BACKGROUND OF THE INVENTION
1. Field of the Invention
The present invention relates generally to digital still and video
cameras and the transfer of data from a digital camera to a computer,
and more particularly to an apparatus for transparently providing
embedded security of data within a storage device and of securing
data while being transferred from a digital camera to a computer.
2. Brief Description of the Prior Art
In many applications, photographic data needs to be guarded or
i.e. secured against unauthorized viewing, modification or distribution.
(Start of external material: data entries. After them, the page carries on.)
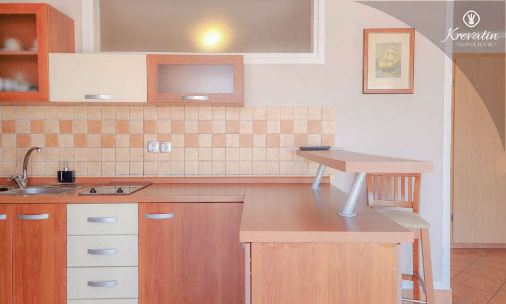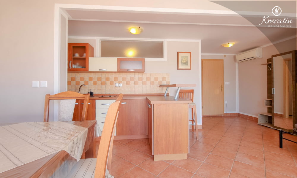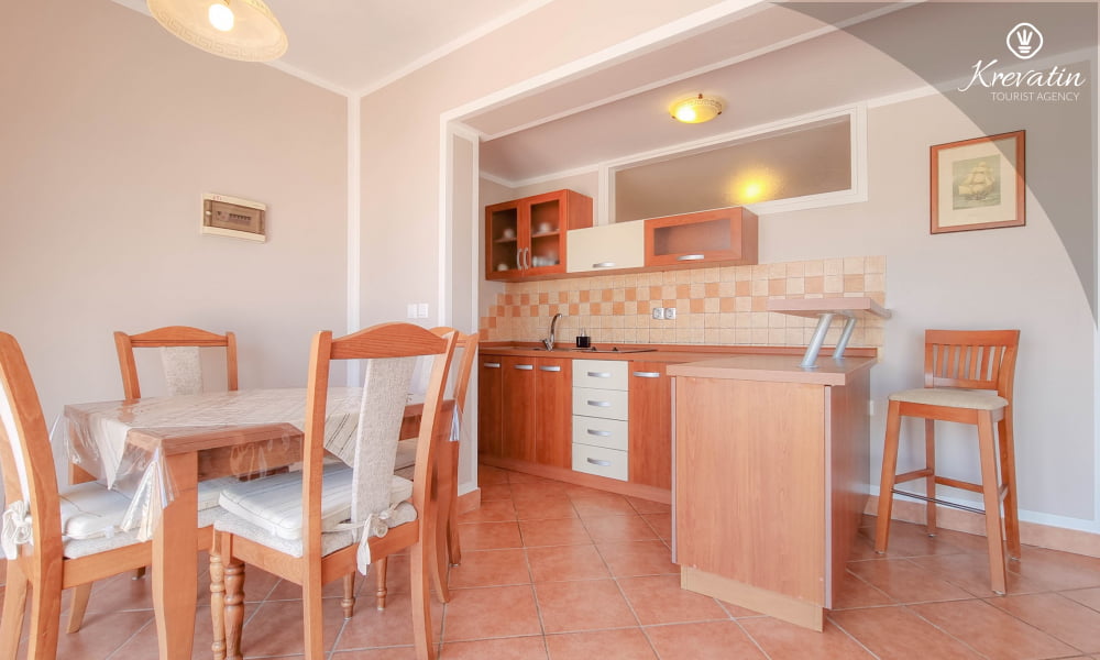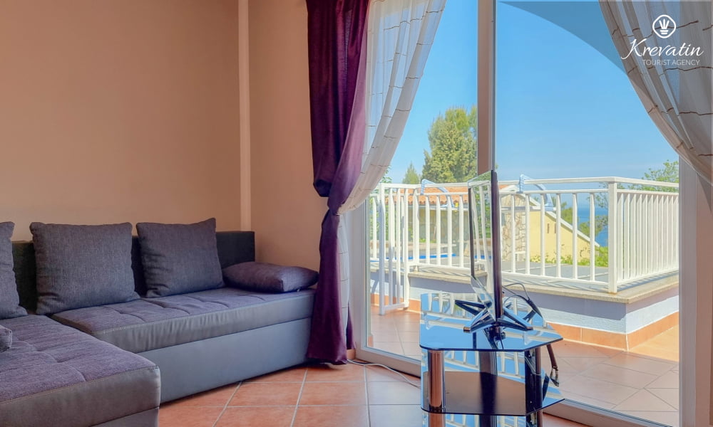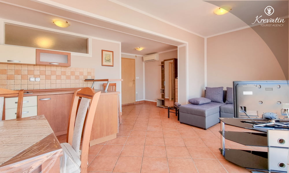 Das Apartment verfügt über ein Schlafzimmer, ein Wohnzimmer mit gut ausgestatteter Küche und Essbereich sowie ein Badezimmer mit Dusche und WC. Im Wohnzimmer befindet sich ein Schlafsofa für eine weitere Person. Außerdem gibt es einen Balkon mit Meerblick, auf dem Sie Ihren Morgenkaffee oder Ihren abendlichen Aperitif genießen können.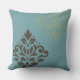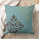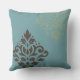 Scroll Damask Art I Brown Gold (line) Teal Cushion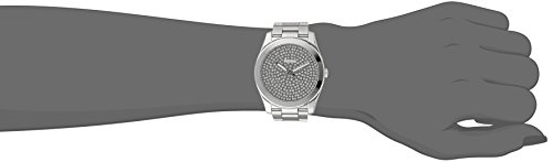 - Feature : Round watch in silver tone featuring notched bezel and logoed dial decorated with crystals / 39 mm stainless steel case with mineral dial window / Quartz movement with analog display / Stainless steel three-link bracelet with deployant-clasp closure / Water resistant to 50 m (165 ft)

Negatives, positives and prints can be manipulated with some effort,
and need protection when used to accurately document images. In
such a case, the original negatives and prints are typically kept
in locked facilities, with signed, sealed and witnessed chains of
custody. The advent of digital cameras presents even greater security
challenges. The concept of an original digital image is questionable,
because digital data can be perfectly replicated. In addition, digital
image data can be quickly and easily modified in a computer, rendering
the data useless evidentiary purposes. Currently, digital camera
image data is downloaded either directly to a computer from a camera
via some communication mechanism, or through a removable storage
device, such as a PCMCIA card, etc. Upon downloading the data to
a computer, the image data can be encrypted, or authentication data
can be created to prevent an unauthorized person from modifying
the data. From this point on, a witnessed chain of custody of those
persons with access to the decryption key can be maintained, greatly
easing the security problem.
From the above description of the prior art, it is apparent that
there is a need for a method and apparatus for securing camera data
automatically prior to, or as part of downloading image data from
a camera. Such a method and apparatus would greatly improve the
security of digital camera data.
SUMMARY OF THE INVENTION
It is therefore an object of the present invention to provide a
method and apparatus for securing data from digital still and video
cameras during the process of transferring the data from a camera
to a computer.
It is a further object of the present invention to provide a secure
storage device for digitally saving data from a digital camera.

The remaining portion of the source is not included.